[RECORDED DATA — start]

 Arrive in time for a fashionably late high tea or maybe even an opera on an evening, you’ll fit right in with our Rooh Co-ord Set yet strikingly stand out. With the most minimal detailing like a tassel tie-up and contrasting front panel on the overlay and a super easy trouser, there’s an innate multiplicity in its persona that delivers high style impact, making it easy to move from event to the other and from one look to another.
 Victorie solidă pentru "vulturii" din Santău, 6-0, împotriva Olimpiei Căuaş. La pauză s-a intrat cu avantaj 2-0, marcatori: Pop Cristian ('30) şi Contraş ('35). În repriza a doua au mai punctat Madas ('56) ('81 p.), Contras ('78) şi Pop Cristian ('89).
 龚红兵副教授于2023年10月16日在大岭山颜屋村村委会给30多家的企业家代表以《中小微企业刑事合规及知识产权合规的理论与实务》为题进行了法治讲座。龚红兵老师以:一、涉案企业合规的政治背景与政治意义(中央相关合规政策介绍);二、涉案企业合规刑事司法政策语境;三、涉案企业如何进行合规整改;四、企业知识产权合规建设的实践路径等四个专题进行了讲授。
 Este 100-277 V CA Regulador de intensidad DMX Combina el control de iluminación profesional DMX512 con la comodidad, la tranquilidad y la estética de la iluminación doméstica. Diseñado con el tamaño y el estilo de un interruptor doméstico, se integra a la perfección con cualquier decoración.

[RECORDED DATA — finish]
[RECORDED DATA — start]

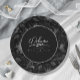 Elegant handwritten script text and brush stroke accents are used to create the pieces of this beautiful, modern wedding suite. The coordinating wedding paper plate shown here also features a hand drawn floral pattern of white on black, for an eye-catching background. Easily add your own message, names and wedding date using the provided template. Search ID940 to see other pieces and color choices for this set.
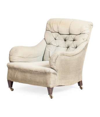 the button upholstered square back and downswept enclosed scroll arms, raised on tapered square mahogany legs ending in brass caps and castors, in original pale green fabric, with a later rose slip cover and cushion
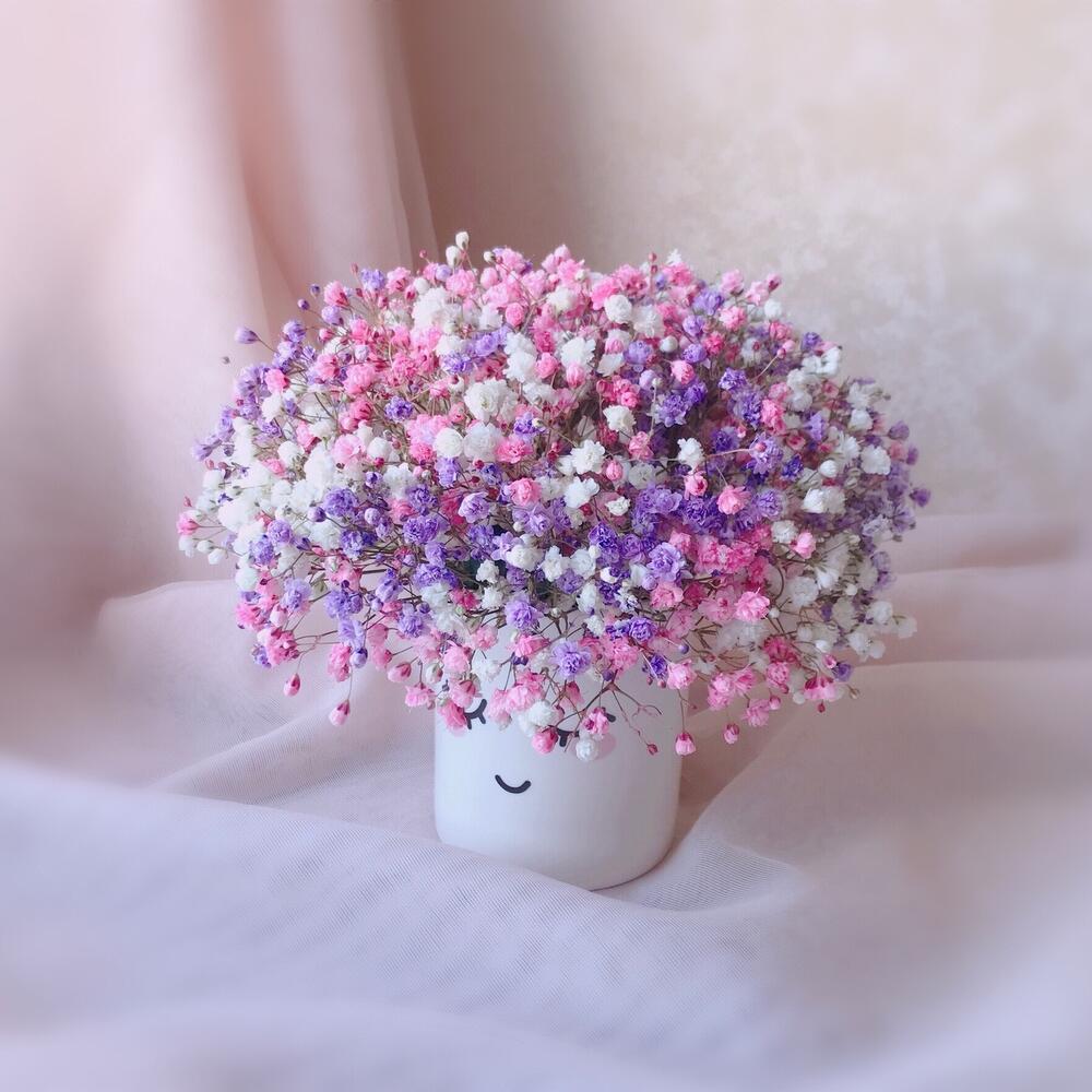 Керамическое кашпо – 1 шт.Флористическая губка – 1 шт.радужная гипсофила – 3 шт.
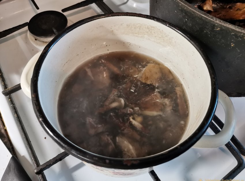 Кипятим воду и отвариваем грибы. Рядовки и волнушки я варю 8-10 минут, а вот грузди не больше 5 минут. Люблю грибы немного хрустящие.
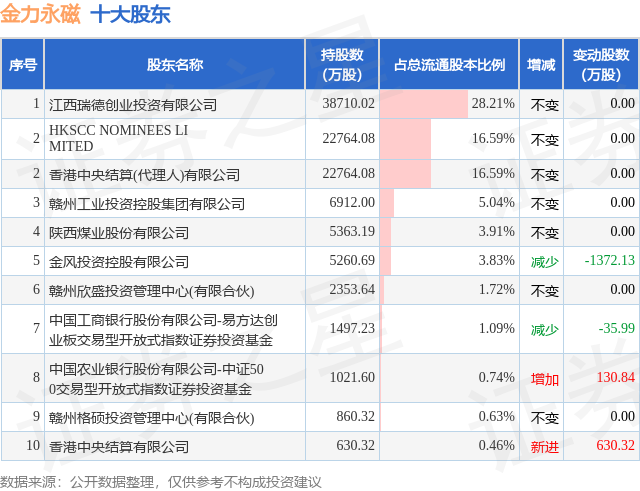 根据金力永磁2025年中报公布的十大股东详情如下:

[RECORDED DATA — finish]

> **GOAL OF THE EXERCISE**: Write out, from the lines above, only those from the line with "Arrive in time" to the line with "龚红兵副教授于2023年10", exactly as given, including the first and the last.

> **RESULT FOR THIS TASK**:
 Arrive in time for a fashionably late high tea or maybe even an opera on an evening, you’ll fit right in with our Rooh Co-ord Set yet strikingly stand out. With the most minimal detailing like a tassel tie-up and contrasting front panel on the overlay and a super easy trouser, there’s an innate multiplicity in its persona that delivers high style impact, making it easy to move from event to the other and from one look to another.
 Victorie solidă pentru "vulturii" din Santău, 6-0, împotriva Olimpiei Căuaş. La pauză s-a intrat cu avantaj 2-0, marcatori: Pop Cristian ('30) şi Contraş ('35). În repriza a doua au mai punctat Madas ('56) ('81 p.), Contras ('78) şi Pop Cristian ('89).
 龚红兵副教授于2023年10月16日在大岭山颜屋村村委会给30多家的企业家代表以《中小微企业刑事合规及知识产权合规的理论与实务》为题进行了法治讲座。龚红兵老师以:一、涉案企业合规的政治背景与政治意义(中央相关合规政策介绍);二、涉案企业合规刑事司法政策语境;三、涉案企业如何进行合规整改;四、企业知识产权合规建设的实践路径等四个专题进行了讲授。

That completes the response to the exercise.